Еще в Харькове, где закончился второй этап пути, он у вокзальной кассы встретился с женщиной, которая привлекла его внимание тем, что бойко и с независимым видом отвечала на всевозможные вопросы едущего люда, которых, как известно, задается немало: и где это, и где то, и как доехать, и сколько стоит, и так далее — оповестительные табло, да и вся служба, оказываются почему-то куда менее популярными, чем, например, ипохондричная, обозленная на весь мир деятельница справочного бюро или даже случайный всезнающий человек.
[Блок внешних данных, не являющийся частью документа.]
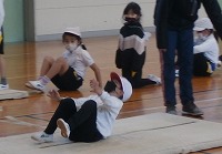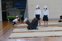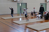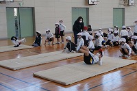 2年生が体育でマット運動を行っていました。子どもたちは、先生の良い見本や悪い見本を見て、どうするとよいのか考えました。
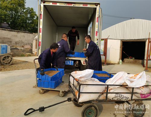 2022年10月31日,安徽省合肥市廬江縣白山鎮(zhèn)五艾村黑水虻養(yǎng)殖基地,員工正在外運(yùn)高價(jià)值動(dòng)物蛋白黑水虻幼蟲。
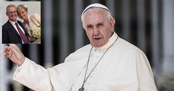 Papa Bergoglio e nel riquadro gli sposi
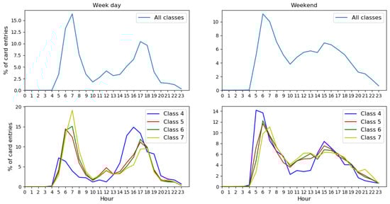 Distribution of the number of smart card use throughout the day. The first row refers to all users, i.e., aggregated results, while the second row shows individual classes results.
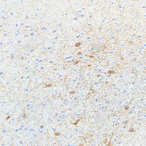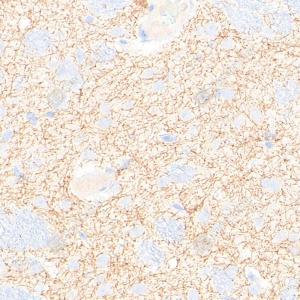 IHC检测Acetylcholinesterase蛋白(货号 YB15049). 样品: 大鼠脑, 4%多聚甲醛 (货号Y1112) 固定12-24小时. 抗原修复: 柠檬酸抗原修复液(干粉, pH 6.0) (Y1212), 高压锅均匀喷气计时2分钟. —抗: 1: 1000稀释, 4℃ 孵育过夜. 二抗: S-vision免疫组化多聚二抗(山羊抗兔),即用型 (货号Y1313), 室温孵育20分钟. |
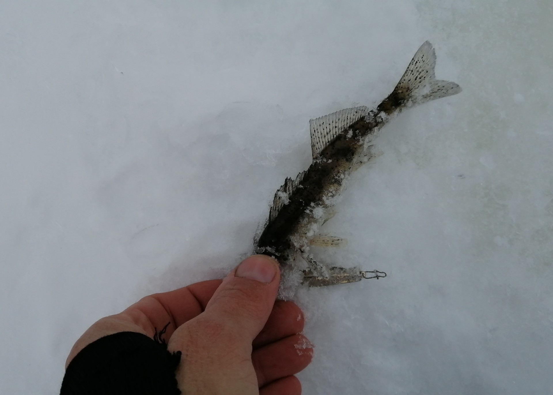 Через 40 минут бурим первые лунки — и первый судак тут как тут! Правда, граммов 200, не больше. Дальше начинается то, что каждый рыбак знает слишком хорошо — поиски. Шесть километров пешком по льду, первый аккумулятор почти на нуле, а достойного судака всё нет.
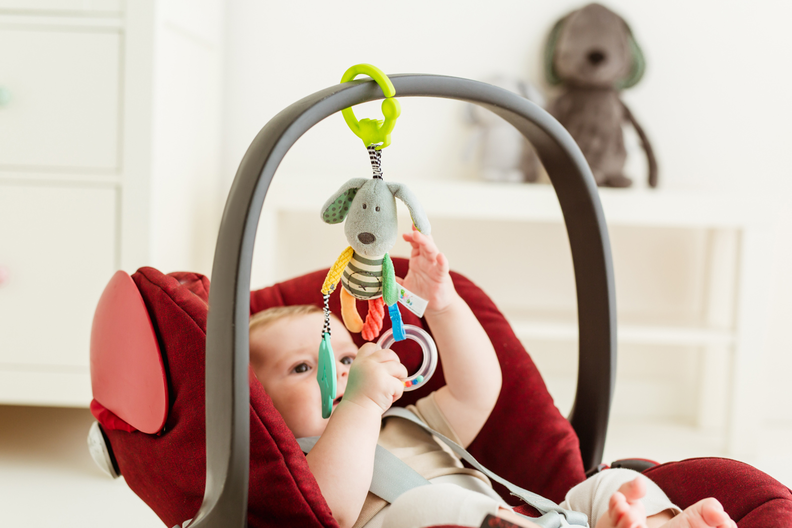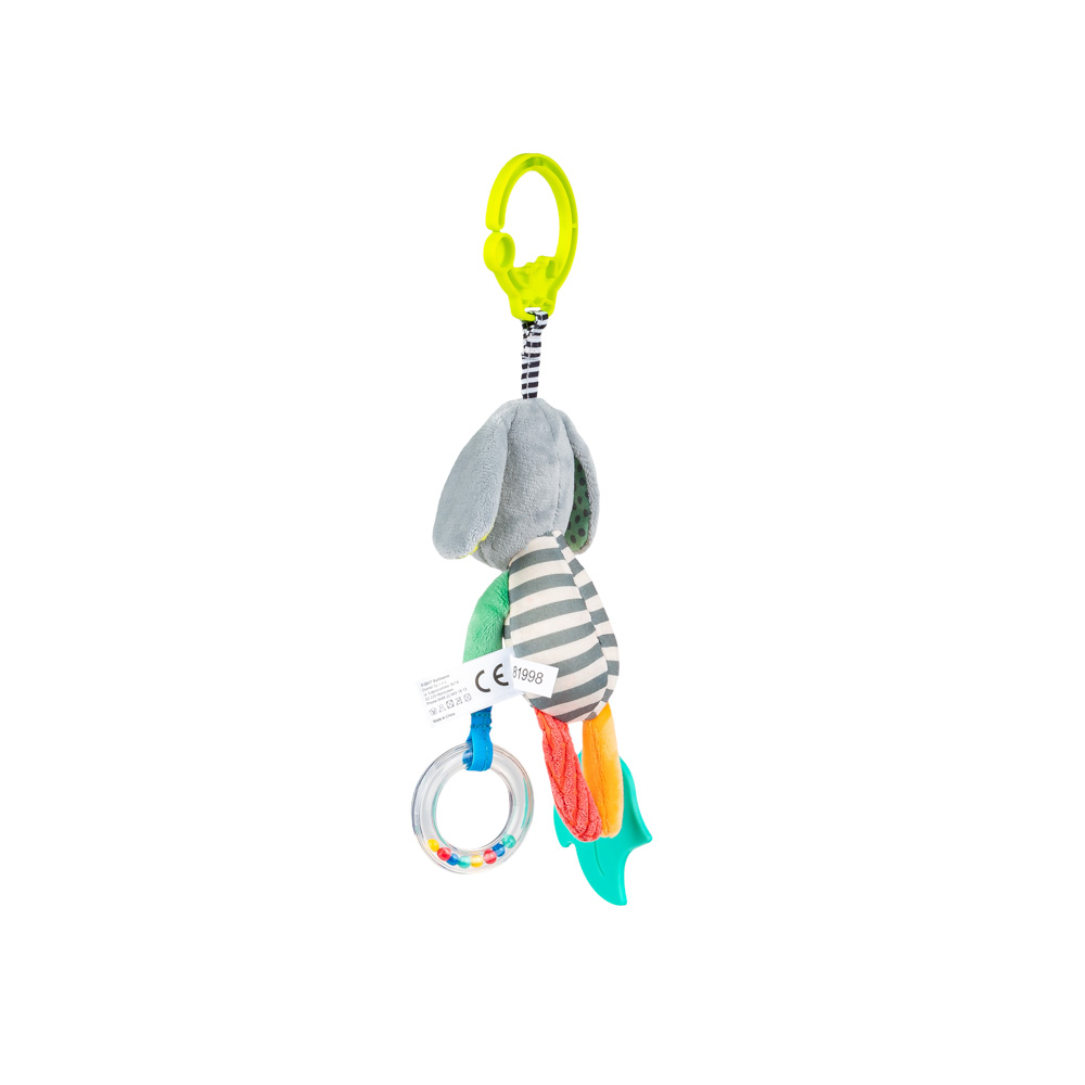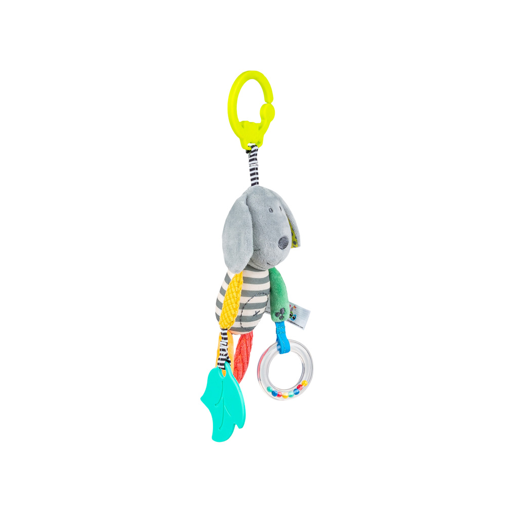 Компактна висулка във формата на куче може да придружава бебето навсякъде, украсявайки столче за кола, количка или легло. Очарователното куче е изработено от материали с разнообразни шарки и текстури, благодарение на които стимулира сетивата на малкото дете, като влияе положително върху развитието на когнитивните му способности. Лапите на кучето са украсени с мека гризалка, която ще успокои възпалените венци и дрънкащ пръстен, пълен с цветни топки. Практичната дръжка, с която е оборудвана играчката, позволява лесното й закрепване навсякъде. Продуктът е предназначен за деца от раждането.
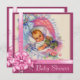 Menina vintage doce e bonito em um rosa e arco adormecido com um convite de chá.
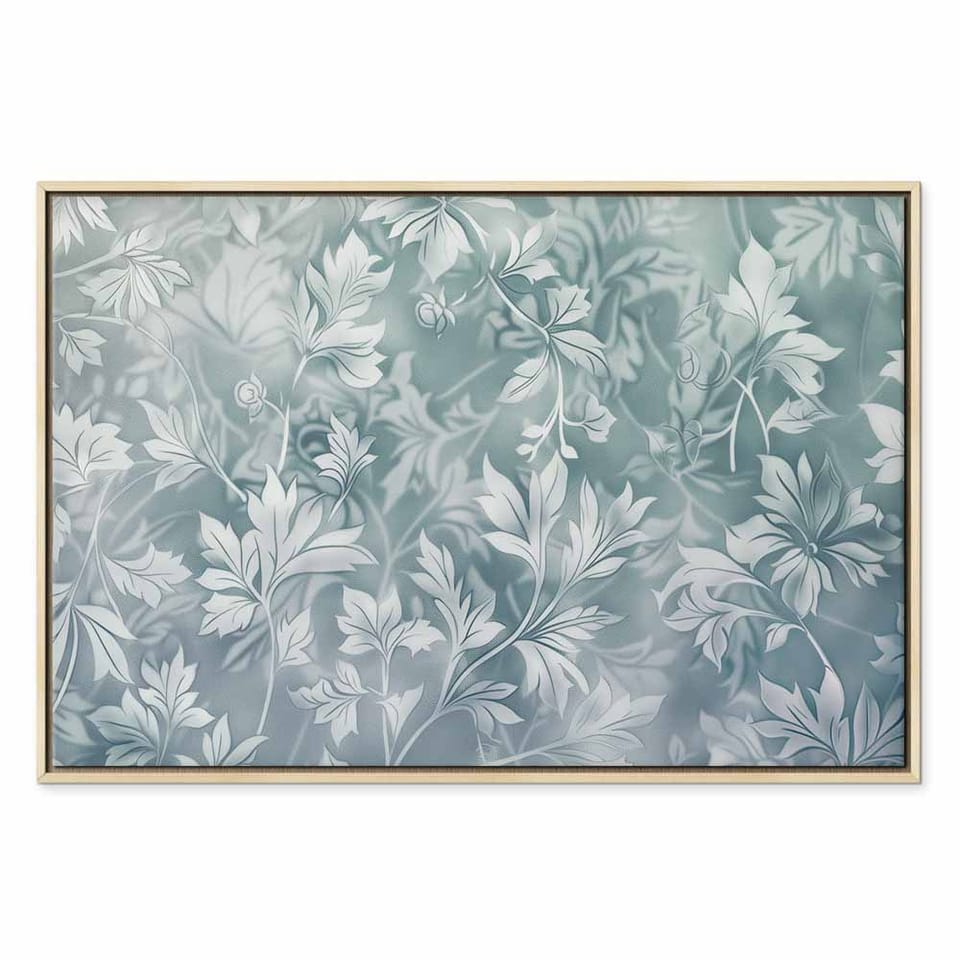 Obraz - Ornamenty w przetartych zgaszonych turkusach: delikatny wzór roślinny rozmiar 120x80, wykończenie W ramie drewnianej naturalnej
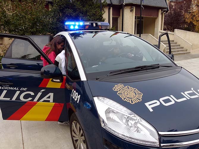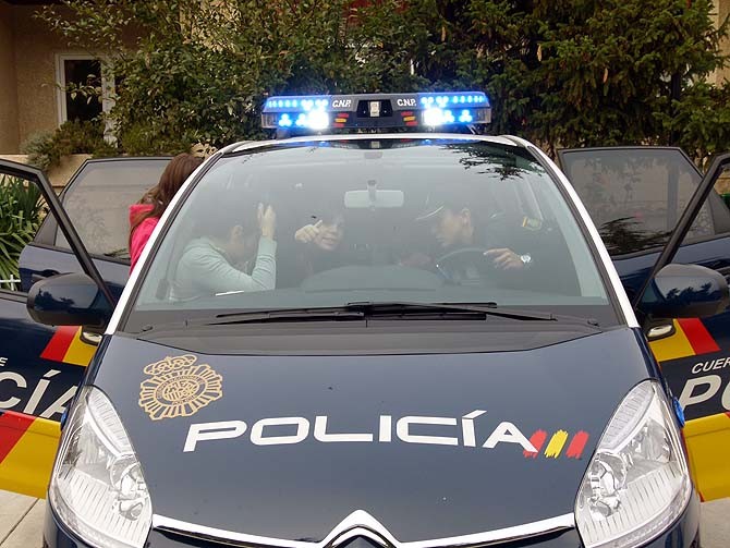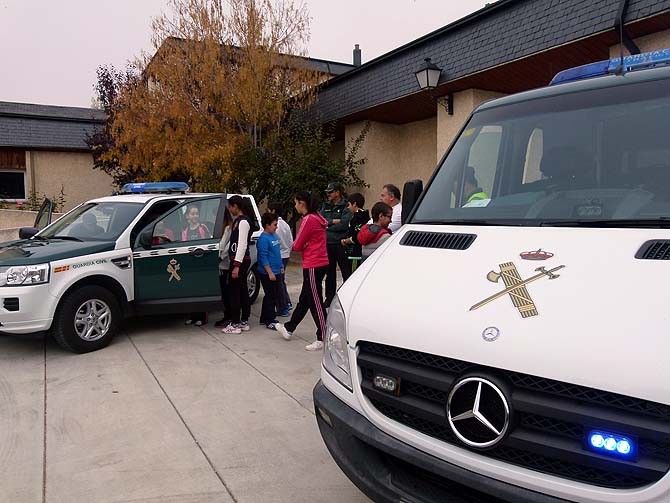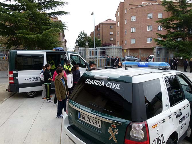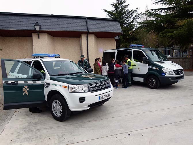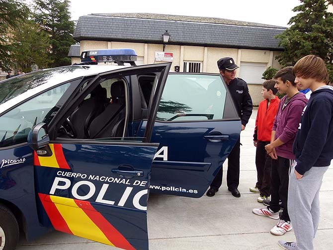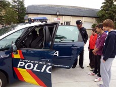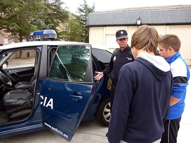 La presentación se celebró en el IES López Aranguren, donde los alumnos se acercaron a los vehículos de Policía y Guardia Civil.
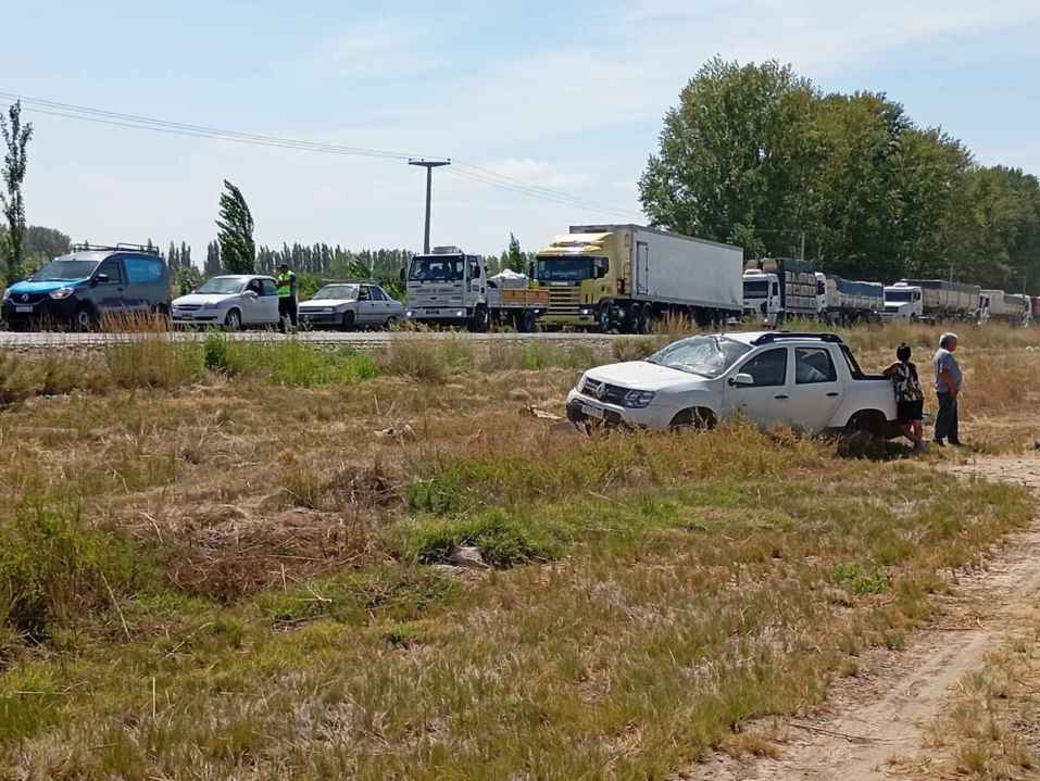 Una camioneta Renault Oroch terminó fuera de la traza y se desplegó un operativo de control sobre la Ruta 22. (Foto: gentilza AN Allen)
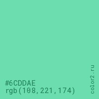 Цвет RGB(108, 221, 174) в процентом отношении количества цвета состоит из 42.4% красного (red), 86.7% зелёного (green) и 68.2% синего (blue).
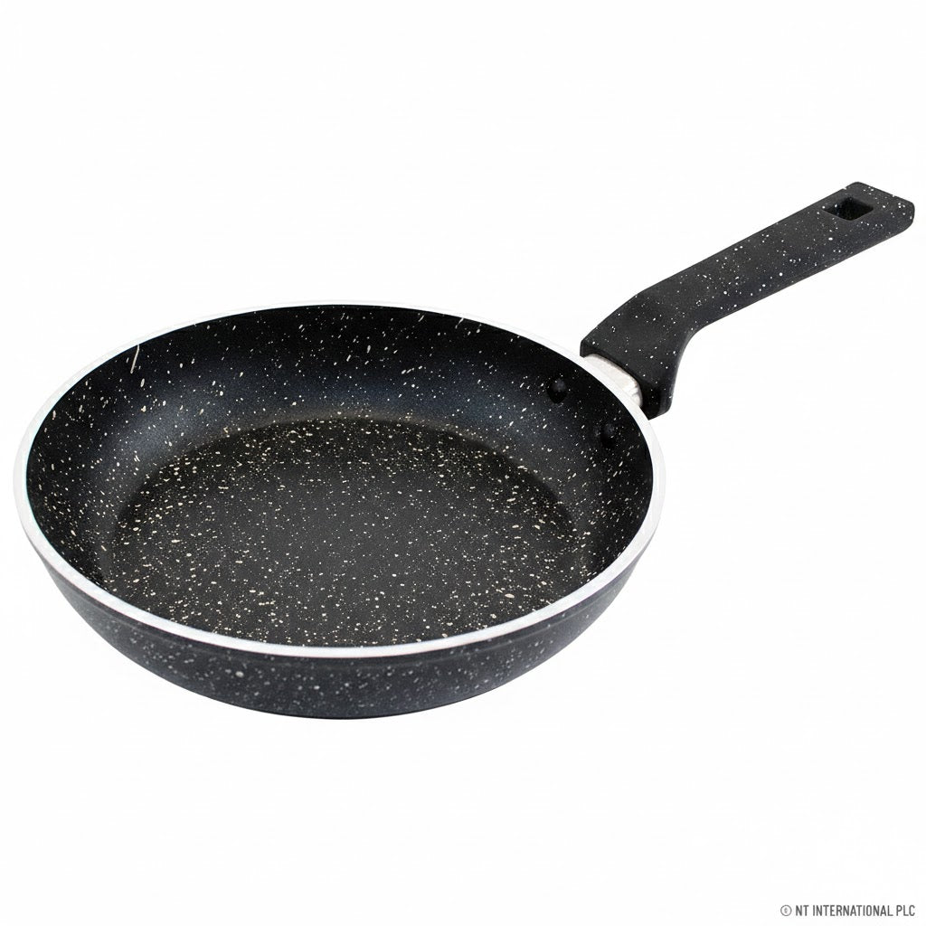 Constructed from heavy-gauge forged aluminium for excellent heat distribution and durability. The premium marble/stone vein non-stick coating allows for healthier cooking with minimal oil and easy food release.
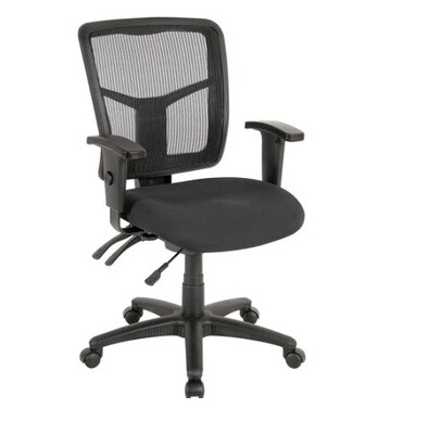 Managerial mid-back chair features a mesh back and mesh fabric seat. Ergonomically designed mid-back matches the natural curvature of a person's back. Arms adjust in height and width. Mid-back chair also offers a five-star nylon base, pneumatic seat-height adjustment (17" to 21" high from the floor), 360-degree swivel, back-height adjustment, tilt and asynchronous three-lever control. Frame is available in black only. Chair meets the CA117 fire-retardant standard and offers an abrasion rating of 60,000 double rubs (ASTM-D-4175).

Та женщина и была именно таким человеком, и бестолковые, копошливые старушки так и вились возле нее, принимая, очевидно, если не за местного железнодорожного работника, то за особу, сведующую в вокзальных науках вообще. А она была учительницей языка и литературы, возвращалась с какой-то конференции и ехала в Житомир.
Все это Белоусов узнал позднее, а пока что не удержался и тоже спросил, где находятся комнаты отдыха для пассажиров. Они разговорились, и отдыха ему не потребовалось. А потом он, как само собой разумеющееся, попросил кассиршу выбить ему билет до Житомира.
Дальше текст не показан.